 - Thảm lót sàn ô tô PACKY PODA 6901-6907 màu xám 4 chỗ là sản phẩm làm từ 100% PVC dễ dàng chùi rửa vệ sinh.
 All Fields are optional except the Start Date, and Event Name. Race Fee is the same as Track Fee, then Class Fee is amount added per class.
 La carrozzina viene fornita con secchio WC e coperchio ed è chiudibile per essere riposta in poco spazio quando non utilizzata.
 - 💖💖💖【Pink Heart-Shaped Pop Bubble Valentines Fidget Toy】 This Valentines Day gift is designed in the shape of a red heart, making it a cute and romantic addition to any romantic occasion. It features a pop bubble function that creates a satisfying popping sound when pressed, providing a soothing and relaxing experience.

********************

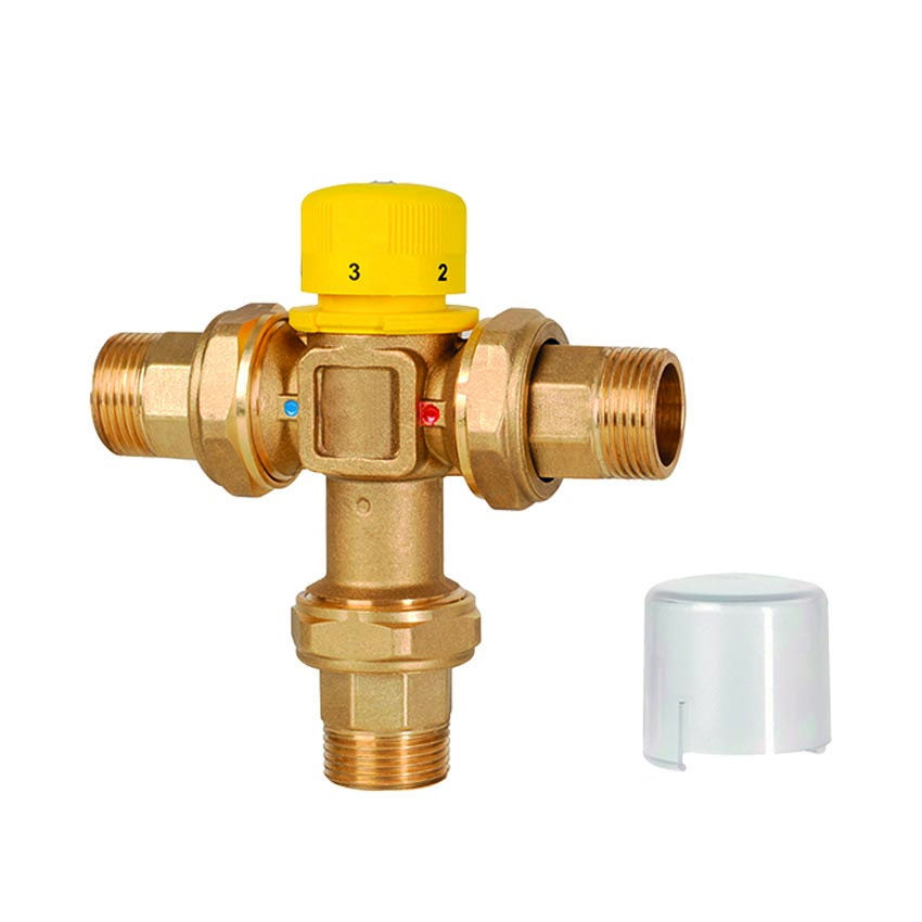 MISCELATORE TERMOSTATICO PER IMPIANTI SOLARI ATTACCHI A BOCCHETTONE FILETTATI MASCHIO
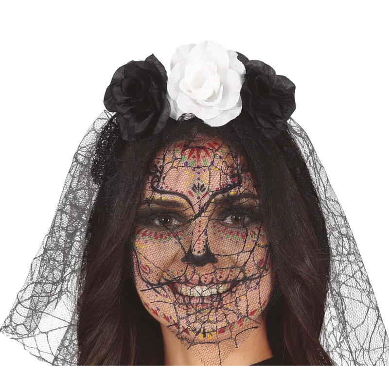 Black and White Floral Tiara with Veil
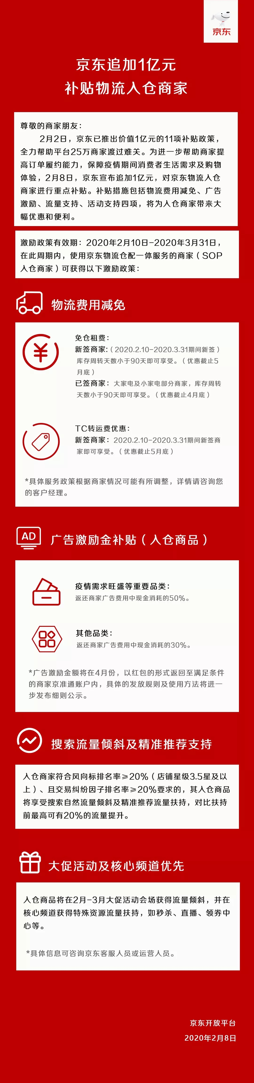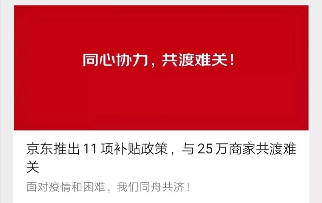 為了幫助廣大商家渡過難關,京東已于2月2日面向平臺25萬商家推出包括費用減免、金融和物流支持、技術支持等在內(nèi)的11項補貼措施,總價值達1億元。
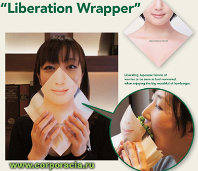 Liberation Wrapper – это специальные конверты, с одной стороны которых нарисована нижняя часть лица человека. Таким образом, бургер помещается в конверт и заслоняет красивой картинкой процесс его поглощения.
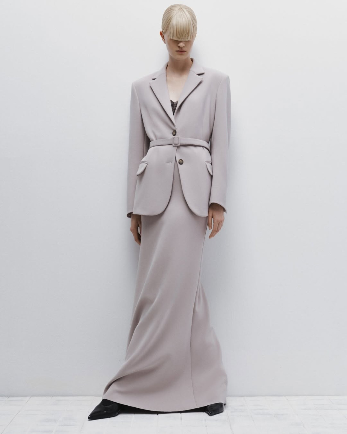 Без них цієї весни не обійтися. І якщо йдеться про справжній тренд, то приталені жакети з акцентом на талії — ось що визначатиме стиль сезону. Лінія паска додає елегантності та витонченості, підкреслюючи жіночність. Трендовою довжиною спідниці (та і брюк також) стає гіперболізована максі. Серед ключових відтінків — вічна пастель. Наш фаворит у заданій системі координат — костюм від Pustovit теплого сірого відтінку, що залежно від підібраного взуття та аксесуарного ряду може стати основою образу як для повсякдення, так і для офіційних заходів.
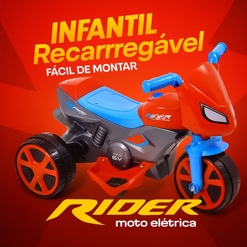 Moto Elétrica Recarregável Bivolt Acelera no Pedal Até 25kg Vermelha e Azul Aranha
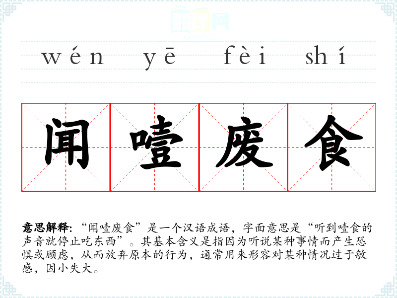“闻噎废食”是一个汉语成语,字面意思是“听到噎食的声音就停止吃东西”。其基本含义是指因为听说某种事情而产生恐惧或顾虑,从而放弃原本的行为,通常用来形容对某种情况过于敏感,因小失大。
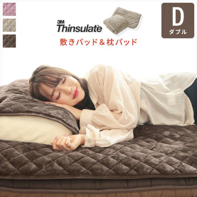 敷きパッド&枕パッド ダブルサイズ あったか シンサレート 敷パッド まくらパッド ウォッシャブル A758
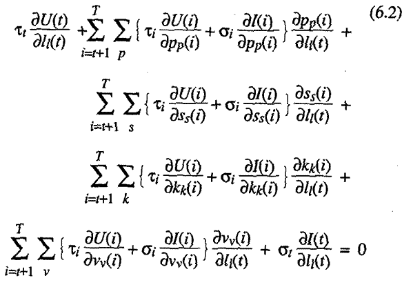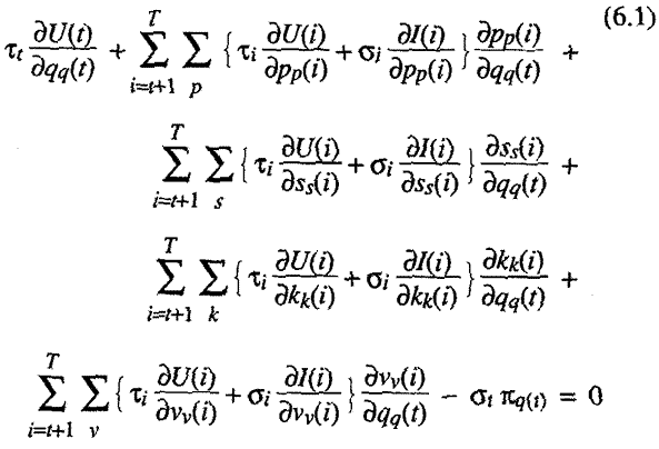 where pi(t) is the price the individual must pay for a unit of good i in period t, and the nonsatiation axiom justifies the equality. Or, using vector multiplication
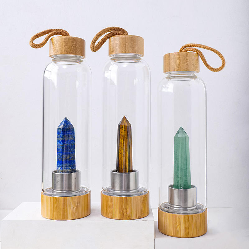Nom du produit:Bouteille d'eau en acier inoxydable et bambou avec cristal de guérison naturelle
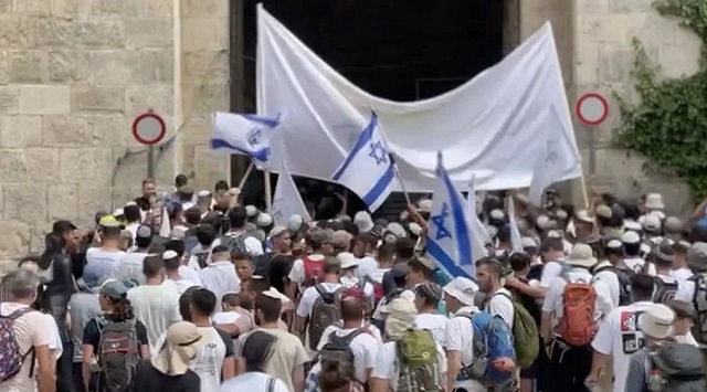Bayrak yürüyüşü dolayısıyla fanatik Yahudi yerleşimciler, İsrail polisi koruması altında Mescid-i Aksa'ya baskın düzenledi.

********************

Try it: Above are the records. Copy the lines beginning at the one that has "All Fields are" and ending with the one that has "- 💖💖💖【Pink Heart-Shaped", unchanged.

Answer below:
 All Fields are optional except the Start Date, and Event Name. Race Fee is the same as Track Fee, then Class Fee is amount added per class.
 La carrozzina viene fornita con secchio WC e coperchio ed è chiudibile per essere riposta in poco spazio quando non utilizzata.
 - 💖💖💖【Pink Heart-Shaped Pop Bubble Valentines Fidget Toy】 This Valentines Day gift is designed in the shape of a red heart, making it a cute and romantic addition to any romantic occasion. It features a pop bubble function that creates a satisfying popping sound when pressed, providing a soothing and relaxing experience.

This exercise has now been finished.